To begin, we’ll consider some questions and criticisms we received. We then provide some additional analysis which cements our conclusions in the previous report. An updated appendix for this report which contains all of the data and code needed to reproduce the content of both posts can be found here.
The motivating case here was to investigate the large changes which occurred over night in Michigan and Wisconsin. Not only were these surprising and not only did they radically change the state of the race (both in terms of how many electoral votes each candidate was projected to receive, but in terms of the perception of an inevitable Biden victory in Georgia and Pennsylvania once all mail-in ballots were counted), but they occurred during some of the most suspicious windows of time in terms of on-the-ground circumstances.

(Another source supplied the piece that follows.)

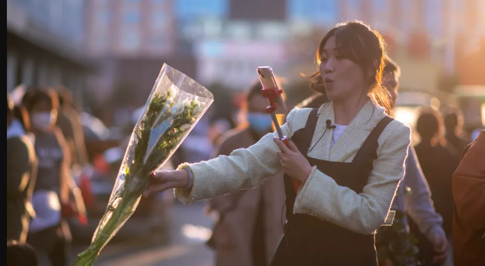 چین، جنوب مغربی صوبہ یون نان کے  کن منگ میں بی شی شی دونان فلاور ما رکیٹ سے لائیو اسٹریمنگ کے ذریعے تازہ پھول متعارف کرارہی ہے۔ (شِنہوا)
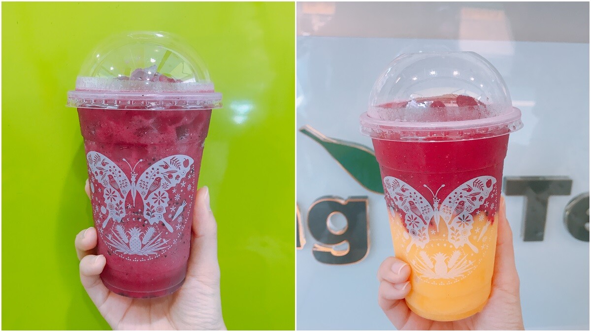 仲夏戀習曲除了火龍果冰沙外,更加入盛夏當季的芒果冰沙,兩者攪拌在一起喝起來更美味。

As our original analysis notes, it remains unclear when and where — and most importantly, precisely why — the vote counting was stopped (or appeared to stop) in certain locations. These were not the only places with suspicious on-the-ground circumstances, but the coincidence of suspicious circumstances with huge, nationally race-altering vote updates raised eyebrows. This encouraged us to look more closely, as we would hope it would encourage any citizens of a free country.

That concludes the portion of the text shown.